• **DATA TO PROCESS**
BEGIN
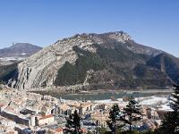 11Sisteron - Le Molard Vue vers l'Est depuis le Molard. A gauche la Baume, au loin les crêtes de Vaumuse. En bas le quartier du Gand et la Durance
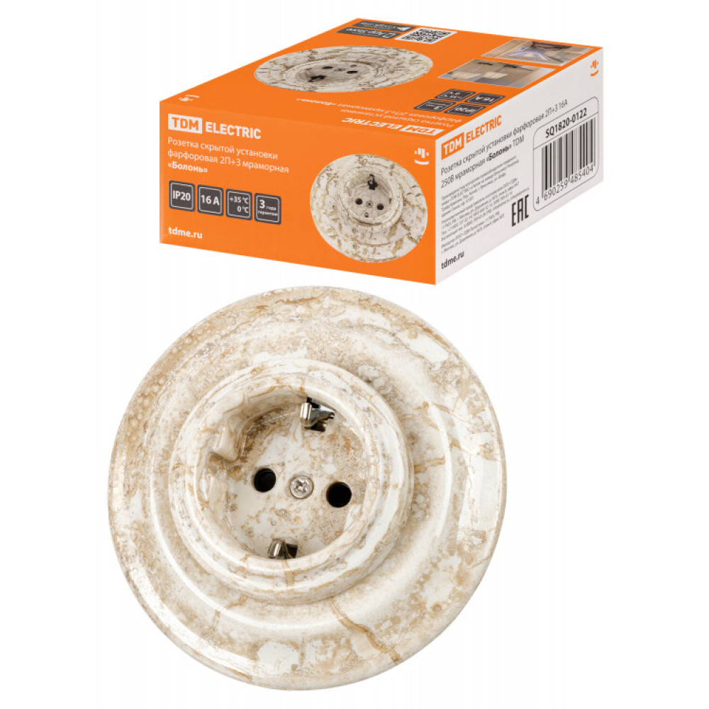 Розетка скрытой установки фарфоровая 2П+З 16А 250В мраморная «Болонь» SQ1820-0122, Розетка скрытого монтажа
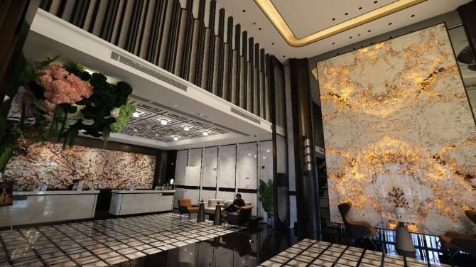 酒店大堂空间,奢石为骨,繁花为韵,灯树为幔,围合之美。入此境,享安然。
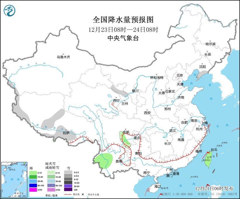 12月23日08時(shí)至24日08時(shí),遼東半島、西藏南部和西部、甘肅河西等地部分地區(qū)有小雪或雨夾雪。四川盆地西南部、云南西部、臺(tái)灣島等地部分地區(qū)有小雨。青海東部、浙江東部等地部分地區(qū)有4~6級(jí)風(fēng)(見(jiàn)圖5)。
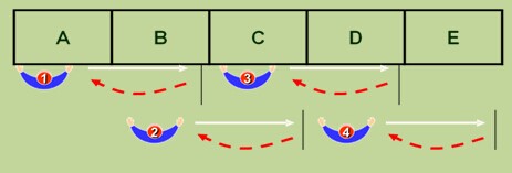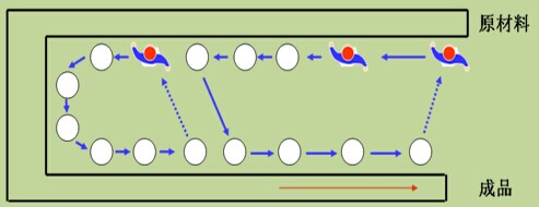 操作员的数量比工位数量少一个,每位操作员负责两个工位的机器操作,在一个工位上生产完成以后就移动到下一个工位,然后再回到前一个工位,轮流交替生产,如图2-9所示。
END
BEGIN
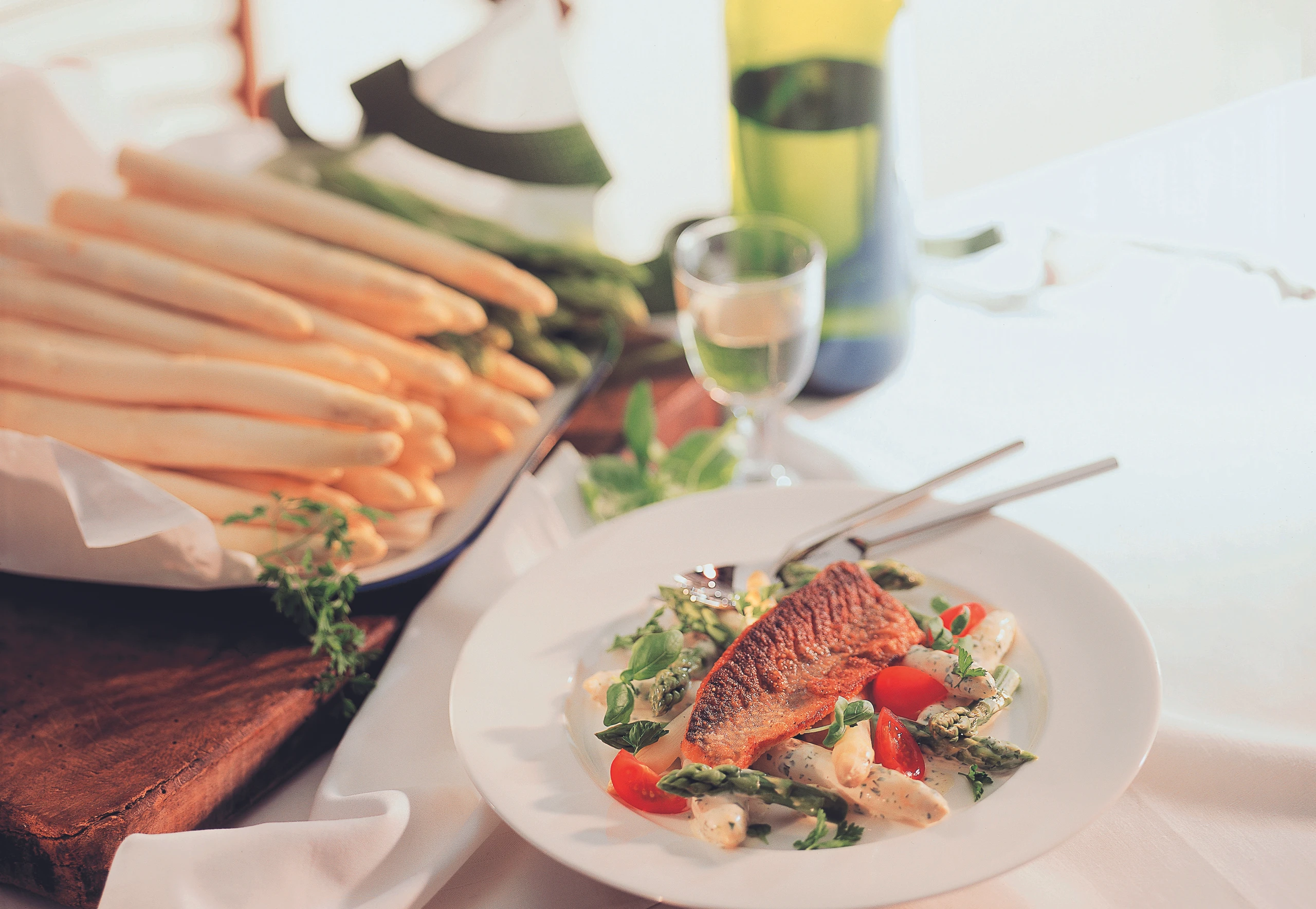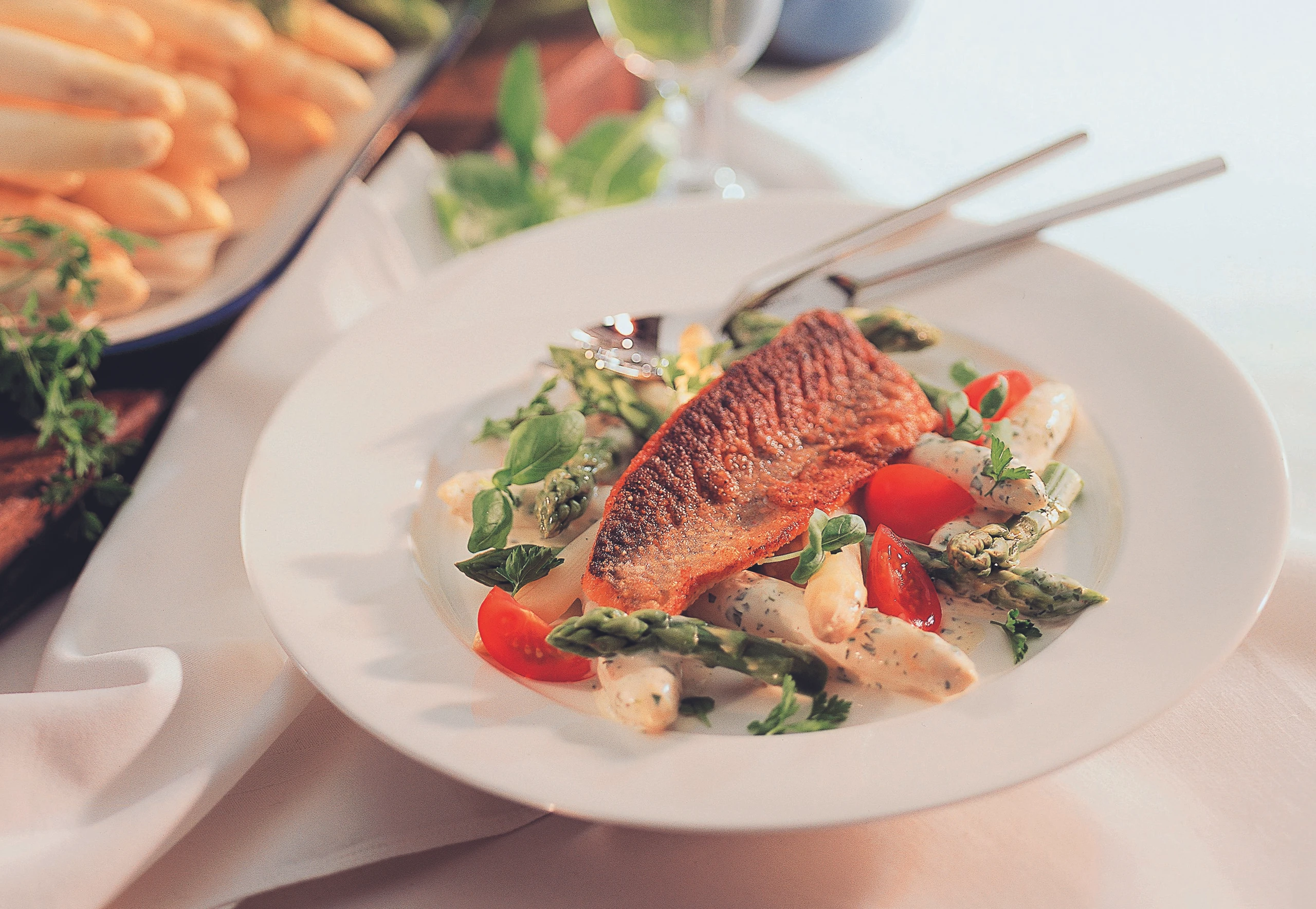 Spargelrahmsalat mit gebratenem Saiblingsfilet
END
• **ABOUT THIS EXERCISE**
Everything between and including the line above containing "Розетка скрытой установки" and the line containing "操作员的数量比工位数量少一个" should be reproduced exactly, with pictures excluded.

• **YOUR SOLUTION**
 Розетка скрытой установки фарфоровая 2П+З 16А 250В мраморная «Болонь» SQ1820-0122, Розетка скрытого монтажа
 酒店大堂空间,奢石为骨,繁花为韵,灯树为幔,围合之美。入此境,享安然。
 12月23日08時(shí)至24日08時(shí),遼東半島、西藏南部和西部、甘肅河西等地部分地區(qū)有小雪或雨夾雪。四川盆地西南部、云南西部、臺(tái)灣島等地部分地區(qū)有小雨。青海東部、浙江東部等地部分地區(qū)有4~6級(jí)風(fēng)(見(jiàn)圖5)。
 操作员的数量比工位数量少一个,每位操作员负责两个工位的机器操作,在一个工位上生产完成以后就移动到下一个工位,然后再回到前一个工位,轮流交替生产,如图2-9所示。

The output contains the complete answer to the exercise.